As before, we can use the mean-squared error loss for regression tasks

\begin{equation}
    \text{Loss}(W) = \frac{1}{2N} \lVert Y - f(X,W) \rVert_2^2 = \frac{1}{2N} \sum_{n=1}^{N} \big( y_n -  f(x_n,W) \big)^2.
\end{equation}

In the classification setting, we use the multi-class version of the logistic loss encountered
earlier. In deep learning context, we usually call it the **cross-entropy loss**

\begin{equation}
    \text{Loss}(W) = - \sum_{n=1}^{N} \sum_{c=1}^{C} y_{n,c} \log p_{n,c} = - \sum_{n=1}^{N} \sum_{c=1}^{C} y_{n,c} \log f_c (x_n,W),
\end{equation}

where we consider $C$ different classes our $N$ datapoints belong to. The neural network provides 
in the output layer the probabilities for the different classes $p_{n,c}=f_c (x_n,W)$. For this, we use
another kind of activation function knows as the **softmax activation function** which maps the activation
to the values between 0 and 1. The activation $\sigma(z)_i$
at output neuron $i$ is given by

\begin{equation}
    \sigma(z)_i = \frac{\exp(z_i)}{\sum_{j=1}^{C} \exp (z_j)},
\end{equation}

where $C$ is the number of neurons in the output layer, i.e. the number of classes, and $i,j\in {1,\dots,C}$.
Typically, we change the class labels into a **one-hot encoding** which provides something like a class probability associated with the label. Suppose our datapoint $x_n$ shows the digit 9 and the corresponding
target is $y_n=9$. In the one-hot encoding we replace $y_n$ with the vector

\begin{equation}
    y_{n} = \begin{pmatrix} y_{n,0} \\ y_{n,1} \\ \vdots \\ y_{n,9} \end{pmatrix} = \begin{pmatrix} 0 \\ 0 \\ \vdots \\ 1 \end{pmatrix},
\end{equation}

where we have 0s at every index but the class index, i.e. 9 in this case.

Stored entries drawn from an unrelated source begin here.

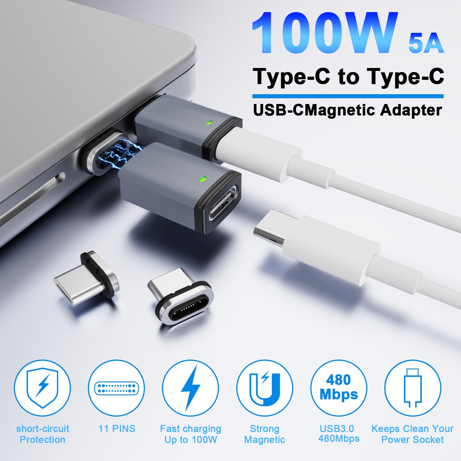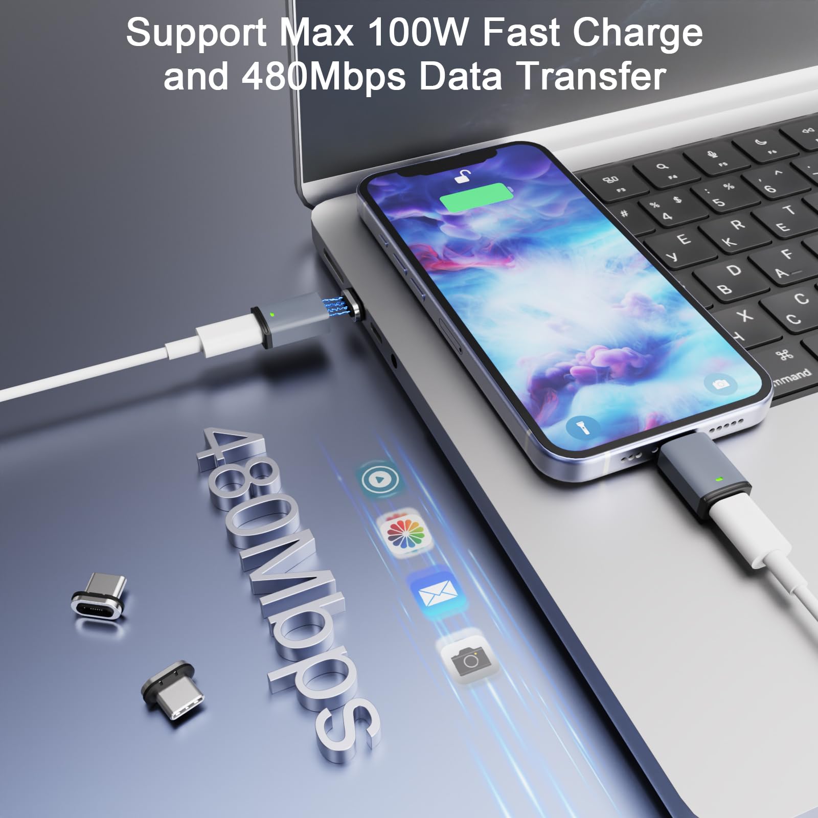 EXCELLENT PERFORMANCE: Our USB C magnetic adapter supports 100W PD fast charging, 480mbps data transfer, which utilizes USB Power Delivery (USB PD3.0) technology to support device requirements from 5V/3A to 20V/6A (up to 120W). Actual charging and transfer rates depend on the USB-C cable used with it.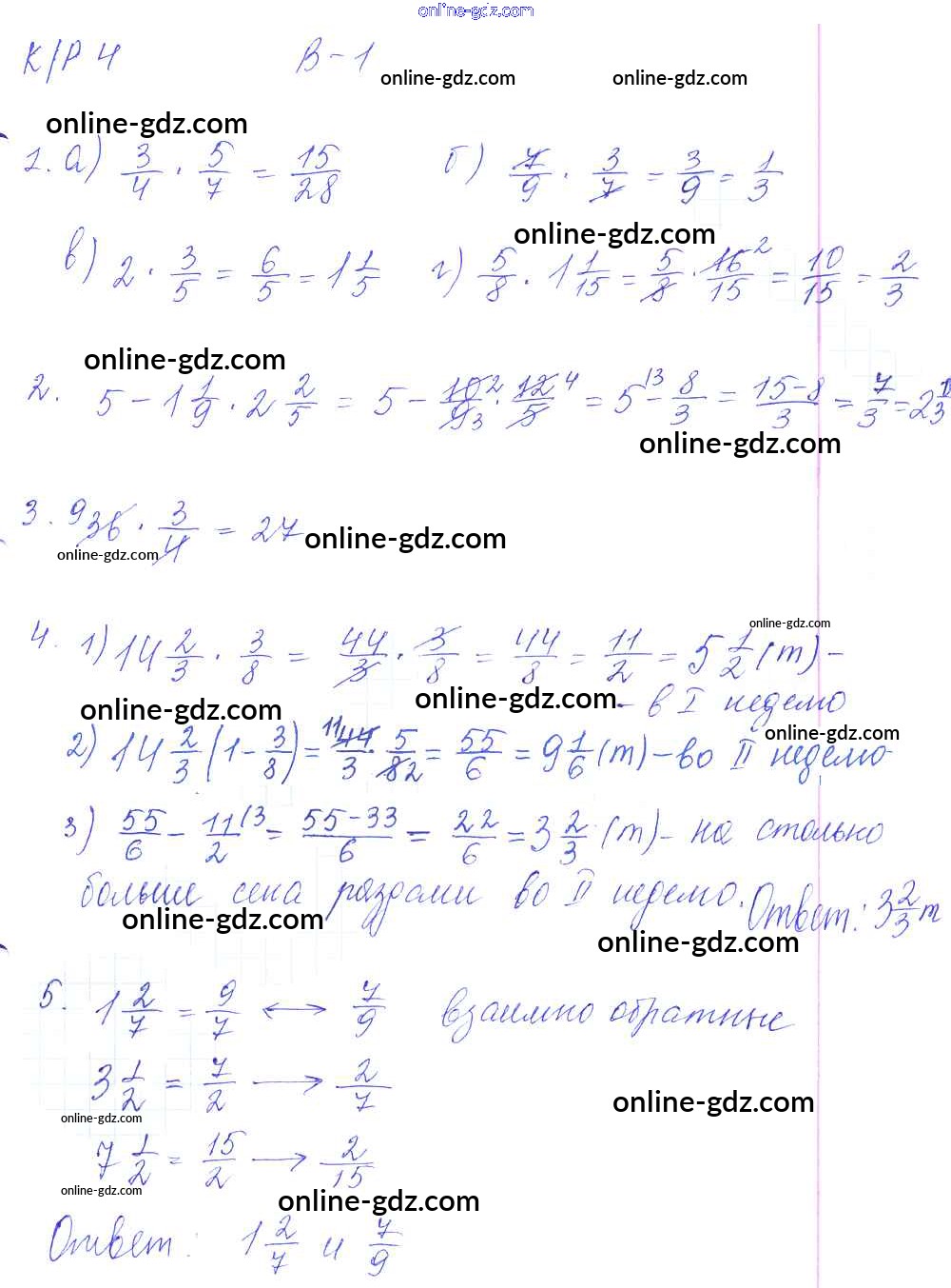 Готовые домашние задания по Математике за 6 класс Контрольные работы Дудницын, Кронгауз УМК 2013 - КР-4. Варианты 1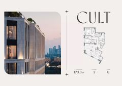 Продается 3-комнатная квартира площадью 173,3 кв.м. на 8-м этаже 9-этажного Клубного дома CULT. Высота потолков 4,5 м.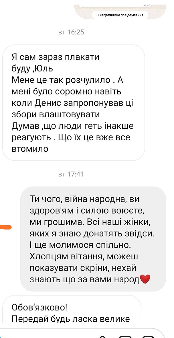 Доначу всім знайомим хто розміщує пости сумами від 500 грн. Товаришу сина скинула 2к на авто на цьому тижні, потім про нього розповіла знайомій, яка мене стригла . Вона гроші не захотіла брати попросила задонатити хлопчині. Він під Бахмутом, не хлопець а золото. Почитайте переписку. Може у вас щось розвидниться в мізках
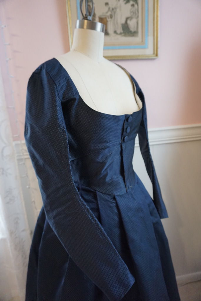 This time I decided to start my process completely from scratch. I browsed paintings, fashion plates, and extant garments until I had a solid idea of what I wanted – a jacket with short, fluffy skirt, cut-away front, long sleeves, and a matching petticoat. Then I focused on extant garments and pattern diagrams to help me alter my 18

Let's use all of this in building a FFNN for classifying MNIST digits!

In [None]:
import numpy as np
from tensorflow import keras

mnist_data = np.load('data/mnist_data_5k.npy', allow_pickle=True)
mnist_targets = np.load('data/mnist_labels_5k.npy', allow_pickle=True)

In the following, we normalise the vector of pixel values to 
the $[0,1]$ interval. It is typically advisable to scale all your
predictors in $X$ (i.e. the columns) such that values range between 0 and 1.
Furthermore, we split the data into training, validation, and test datasets.

In [None]:
mnist_data_flat = mnist_data.reshape(-1, 784, 1) / 255

num_train = 3000
num_val = 1000
num_test = 1000

x_train = mnist_data_flat[:num_train]
y_train = mnist_targets[:num_train]

x_val = mnist_data_flat[num_train:num_train+num_val]
y_val = mnist_targets[num_train:num_train+num_val]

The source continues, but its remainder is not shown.